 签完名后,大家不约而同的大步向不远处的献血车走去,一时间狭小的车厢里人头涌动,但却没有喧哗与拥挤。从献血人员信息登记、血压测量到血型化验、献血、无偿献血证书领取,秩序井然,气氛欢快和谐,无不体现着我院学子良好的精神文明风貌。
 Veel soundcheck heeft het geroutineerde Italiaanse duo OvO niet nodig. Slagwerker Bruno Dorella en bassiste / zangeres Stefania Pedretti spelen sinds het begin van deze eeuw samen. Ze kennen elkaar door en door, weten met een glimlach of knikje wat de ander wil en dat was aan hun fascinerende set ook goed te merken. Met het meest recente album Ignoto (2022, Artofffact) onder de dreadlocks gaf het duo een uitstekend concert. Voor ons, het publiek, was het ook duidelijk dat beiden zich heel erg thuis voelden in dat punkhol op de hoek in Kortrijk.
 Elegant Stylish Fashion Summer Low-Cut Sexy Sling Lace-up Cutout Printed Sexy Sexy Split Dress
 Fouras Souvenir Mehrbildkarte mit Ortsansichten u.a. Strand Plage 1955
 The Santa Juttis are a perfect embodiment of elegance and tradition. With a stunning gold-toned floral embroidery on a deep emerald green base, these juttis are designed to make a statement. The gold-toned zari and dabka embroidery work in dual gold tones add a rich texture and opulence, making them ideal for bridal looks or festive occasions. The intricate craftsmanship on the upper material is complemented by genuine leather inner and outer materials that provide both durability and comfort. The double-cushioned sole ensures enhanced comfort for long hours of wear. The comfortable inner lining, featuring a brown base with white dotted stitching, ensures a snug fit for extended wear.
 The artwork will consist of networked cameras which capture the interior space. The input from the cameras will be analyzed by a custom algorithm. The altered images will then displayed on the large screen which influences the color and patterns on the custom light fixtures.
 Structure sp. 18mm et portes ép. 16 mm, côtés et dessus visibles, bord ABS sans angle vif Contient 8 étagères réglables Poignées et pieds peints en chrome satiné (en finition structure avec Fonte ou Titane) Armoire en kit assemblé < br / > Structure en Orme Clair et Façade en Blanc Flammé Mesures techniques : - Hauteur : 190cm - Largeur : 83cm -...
++++++++++
**Task item:** Create a word-for-word copy of the whole listing.

**Your response:**
 签完名后,大家不约而同的大步向不远处的献血车走去,一时间狭小的车厢里人头涌动,但却没有喧哗与拥挤。从献血人员信息登记、血压测量到血型化验、献血、无偿献血证书领取,秩序井然,气氛欢快和谐,无不体现着我院学子良好的精神文明风貌。
 Veel soundcheck heeft het geroutineerde Italiaanse duo OvO niet nodig. Slagwerker Bruno Dorella en bassiste / zangeres Stefania Pedretti spelen sinds het begin van deze eeuw samen. Ze kennen elkaar door en door, weten met een glimlach of knikje wat de ander wil en dat was aan hun fascinerende set ook goed te merken. Met het meest recente album Ignoto (2022, Artofffact) onder de dreadlocks gaf het duo een uitstekend concert. Voor ons, het publiek, was het ook duidelijk dat beiden zich heel erg thuis voelden in dat punkhol op de hoek in Kortrijk.
 Elegant Stylish Fashion Summer Low-Cut Sexy Sling Lace-up Cutout Printed Sexy Sexy Split Dress
 Fouras Souvenir Mehrbildkarte mit Ortsansichten u.a. Strand Plage 1955
 The Santa Juttis are a perfect embodiment of elegance and tradition. With a stunning gold-toned floral embroidery on a deep emerald green base, these juttis are designed to make a statement. The gold-toned zari and dabka embroidery work in dual gold tones add a rich texture and opulence, making them ideal for bridal looks or festive occasions. The intricate craftsmanship on the upper material is complemented by genuine leather inner and outer materials that provide both durability and comfort. The double-cushioned sole ensures enhanced comfort for long hours of wear. The comfortable inner lining, featuring a brown base with white dotted stitching, ensures a snug fit for extended wear.
 The artwork will consist of networked cameras which capture the interior space. The input from the cameras will be analyzed by a custom algorithm. The altered images will then displayed on the large screen which influences the color and patterns on the custom light fixtures.
 Structure sp. 18mm et portes ép. 16 mm, côtés et dessus visibles, bord ABS sans angle vif Contient 8 étagères réglables Poignées et pieds peints en chrome satiné (en finition structure avec Fonte ou Titane) Armoire en kit assemblé < br / > Structure en Orme Clair et Façade en Blanc Flammé Mesures techniques : - Hauteur : 190cm - Largeur : 83cm -...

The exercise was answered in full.